Work request ::
Could you print the stretch of lines below from the one with "On a quiet flight, clouds" through the one with "encore Régis Laspalès.", exactly as they stand and without any pictures?

============================================================

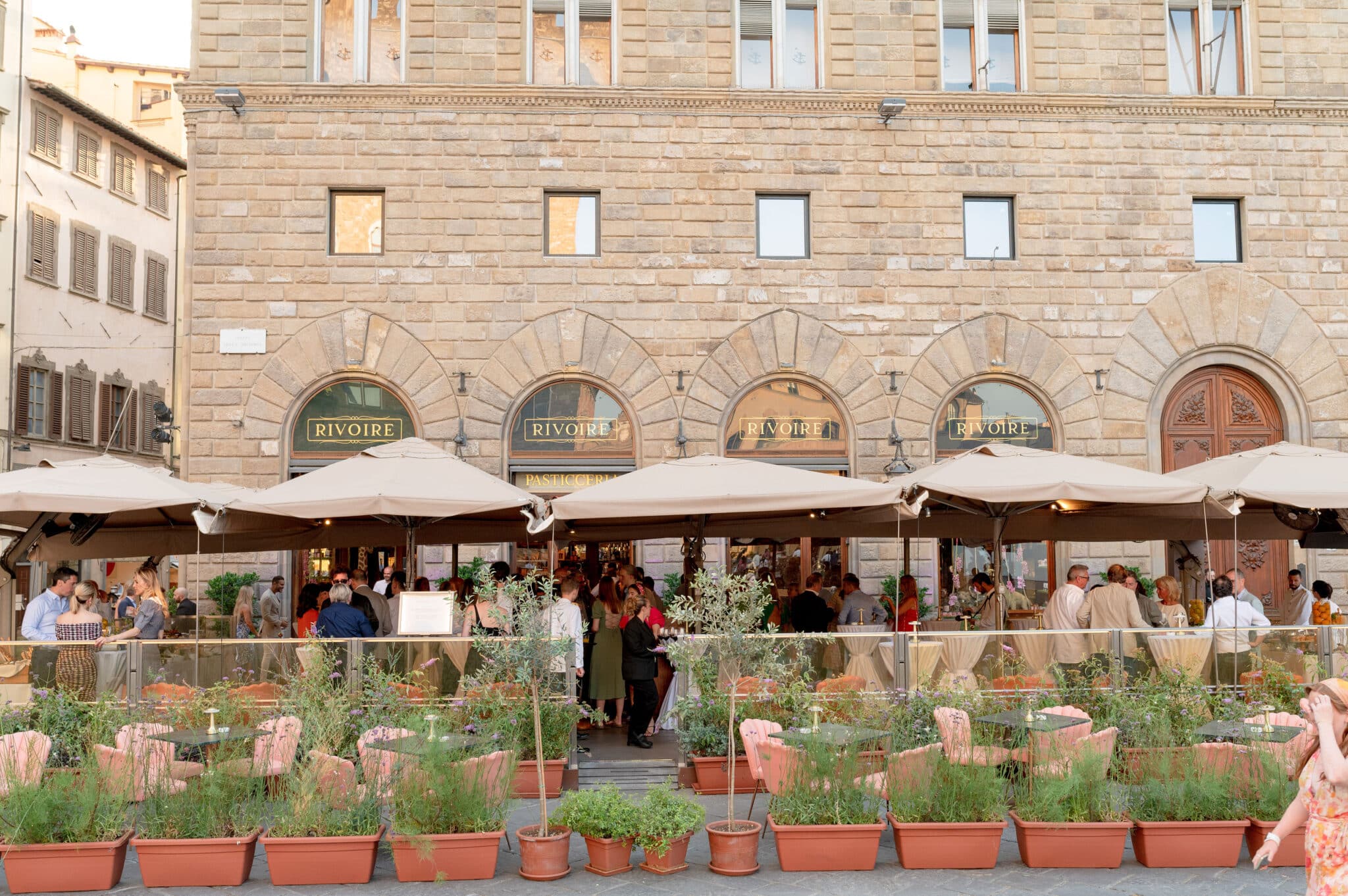 Piazza della Signoria la raffinata cornice di Rivoire, la storica cioccolateria nel cuore di Firenze, un locale ricercato ed elegante che si trasforma in un luogo di ritrovo esclusivo.
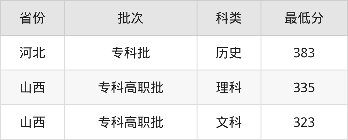 山西机电职业技术学院工业机器人技术专业录取分数线从323分到383分不等,最低分数线如下:
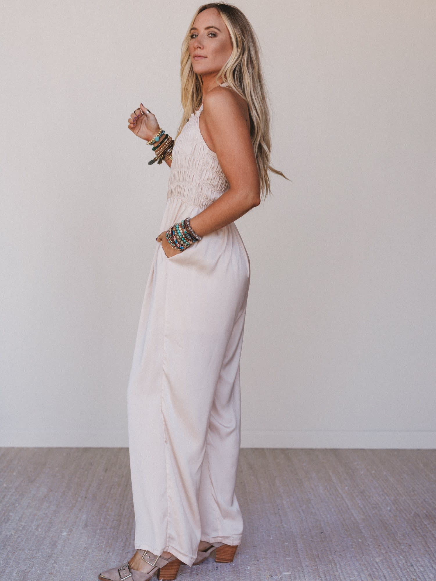 The Slick Step Wide Leg Jumpsuit is pure elegance with an easygoing twist. Featuring a silky-soft finish, flattering halter neckline, and a relaxed wide leg, this piece brings minimal effort with maximum impact. Whether you're headed to a rooftop dinner, engagement brunch, or beach wedding, this jumpsuit moves with grace and shines in every setting.
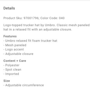 Logo-topped trucker hat by Umbro. Classic mesh paneled hat in a relaxed fit with an adjustable closure.
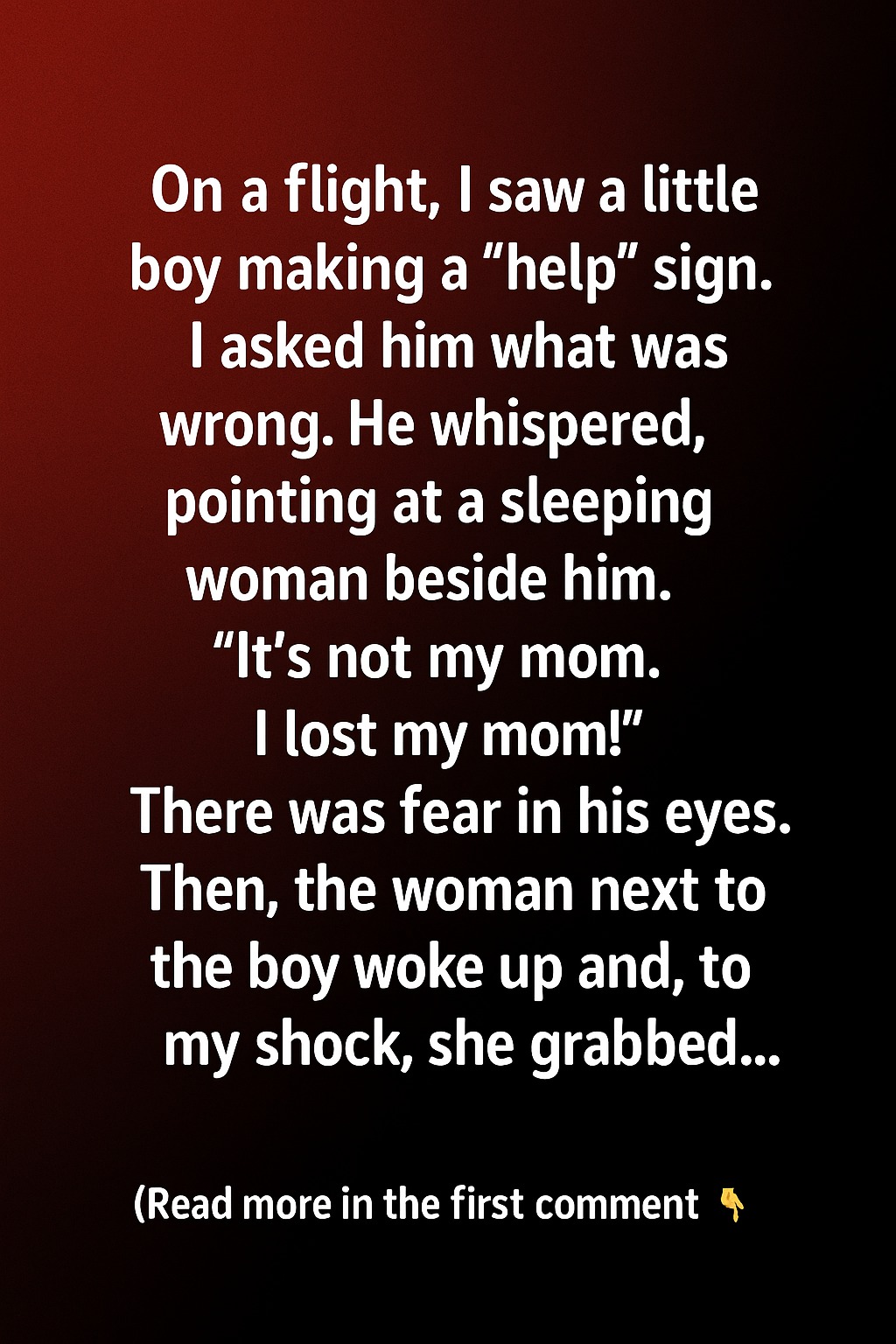 On a quiet flight, clouds drifting like soft cotton outside the window, a traveler noticed a little boy signaling for help with trembling hands. Concerned, they leaned in and gently asked what was wrong. The boy whispered, pointing at the woman beside him, “She’s not my mom… I can’t find my mom.” His eyes shimmered with worry and uncertainty. The traveler’s heart softened instantly, recognizing the boy’s need for comfort and support.
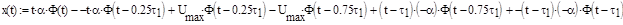 Временные характеристики исследуемой цепи изображены на рис.6, рис. 7. Частотные характеристики изображены на рис. 4, рис. 5. 7. ОПРЕДЕЛЕНИЕ РЕАКЦИИ ЦЕПИ НА ИМПУЛЬС С помощью интеграла Дюамеля можно определить реакцию цепи на заданное воздействие и в том случае, когда внешнее воздействие на цепь описывается кусочно-непрерывной функцией, которая имеет конечное число конечных разрывов. В этом случае интервал интегрирования необходимо разбить на несколько промежутков в соответствии с интервалами непрерывности функции и учесть реакцию цепи на конечные скачки функции в точках разрыва. Для определения реакции цепи на воздействие импульса изображённого на рис.2 очевидно, что интервал интегрирования необходимо разбить на четыре части ( tÎ(0,t1 ), tÎ(t1 ,t2 ), tÎ(t2 ,t3 ), t>t3 ). Запишем реакцию на входной импульс:
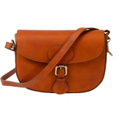 Bandolera en piel marron de curtición vegetal 100% artesanal
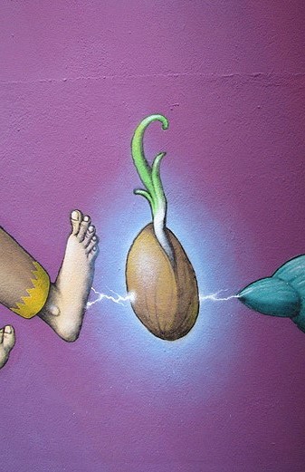 Intervenció artística d'Interesni Kazki (Ucraïna) al passadís de la Plaça de Josep Pla al carrer Nou
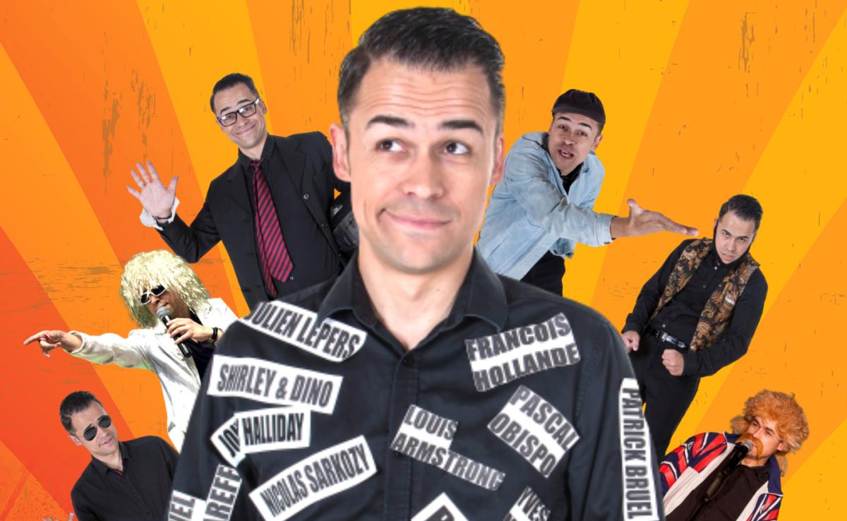 Son spectacle « Faces cachées », qui évolue au fil de l’actualité, nous emmène dans un tourbillon de sketchs et de chansons et nous fait découvrir de nombreux personnages parmi lesquels Michel Polnareff, Johnny Hallyday, Pascal Obispo, Stromaé , Christophe Maé, François Hollande , Jeff Tuche, Jamel Debouzze, Nicolas Sarkozy, Louis Armstrong, Julien Doré, Madame de Fontenay ou encore Régis Laspalès.
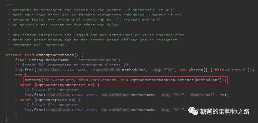 public void onFailure(IMqttToken token, Throwable exception) {int numberOfURIs = comms.getNetworkModules().length;int index = comms.getNetworkModuleIndex();// 轮询设置的其他Broker,并尝试连接if ((index + 1) < numberOfURIs || (originalMqttVersion == MqttConnectOptions.MQTT_VERSION_DEFAULT && options.getMqttVersion() == MqttConnectOptions.MQTT_VERSION_3_1_1)) {if (originalMqttVersion == MqttConnectOptions.MQTT_VERSION_DEFAULT) {if (options.getMqttVersion() == MqttConnectOptions.MQTT_VERSION_3_1_1) {options.setMqttVersion(MqttConnectOptions.MQTT_VERSION_3_1);}else {options.setMqttVersion(MqttConnectOptions.MQTT_VERSION_3_1_1);comms.setNetworkModuleIndex(index + 1);}}else {// 将游标 + 1,方便下一次直接取出地址集合的下一个元素comms.setNetworkModuleIndex(index + 1);}try {connect();}catch (MqttPersistenceException e) {// 递归调用,此时onFailure(token, e); // try the next URI in the list}}// 如果都不成功,触发回调进行下一次重连尝试操作。else {if (originalMqttVersion == MqttConnectOptions.MQTT_VERSION_DEFAULT) {options.setMqttVersion(MqttConnectOptions.MQTT_VERSION_DEFAULT);}MqttException ex;if (exception instanceof MqttException) {ex = (MqttException) exception;}else {ex = new MqttException(exception);}userToken.internalTok.markComplete(null, ex);userToken.internalTok.notifyComplete();userToken.internalTok.setClient(this.client); // fix bug 469527 - maybe should be set elsewhere?if (userCallback != null) {userToken.setUserContext(userContext);// MqttReconnectActionListener.onFailure();userCallback.onFailure(userToken, exception);}}}

============================================================

Answer to this task ::
 On a quiet flight, clouds drifting like soft cotton outside the window, a traveler noticed a little boy signaling for help with trembling hands. Concerned, they leaned in and gently asked what was wrong. The boy whispered, pointing at the woman beside him, “She’s not my mom… I can’t find my mom.” His eyes shimmered with worry and uncertainty. The traveler’s heart softened instantly, recognizing the boy’s need for comfort and support.
 Временные характеристики исследуемой цепи изображены на рис.6, рис. 7. Частотные характеристики изображены на рис. 4, рис. 5. 7. ОПРЕДЕЛЕНИЕ РЕАКЦИИ ЦЕПИ НА ИМПУЛЬС С помощью интеграла Дюамеля можно определить реакцию цепи на заданное воздействие и в том случае, когда внешнее воздействие на цепь описывается кусочно-непрерывной функцией, которая имеет конечное число конечных разрывов. В этом случае интервал интегрирования необходимо разбить на несколько промежутков в соответствии с интервалами непрерывности функции и учесть реакцию цепи на конечные скачки функции в точках разрыва. Для определения реакции цепи на воздействие импульса изображённого на рис.2 очевидно, что интервал интегрирования необходимо разбить на четыре части ( tÎ(0,t1 ), tÎ(t1 ,t2 ), tÎ(t2 ,t3 ), t>t3 ). Запишем реакцию на входной импульс:
 Bandolera en piel marron de curtición vegetal 100% artesanal
 Intervenció artística d'Interesni Kazki (Ucraïna) al passadís de la Plaça de Josep Pla al carrer Nou
 Son spectacle « Faces cachées », qui évolue au fil de l’actualité, nous emmène dans un tourbillon de sketchs et de chansons et nous fait découvrir de nombreux personnages parmi lesquels Michel Polnareff, Johnny Hallyday, Pascal Obispo, Stromaé , Christophe Maé, François Hollande , Jeff Tuche, Jamel Debouzze, Nicolas Sarkozy, Louis Armstrong, Julien Doré, Madame de Fontenay ou encore Régis Laspalès.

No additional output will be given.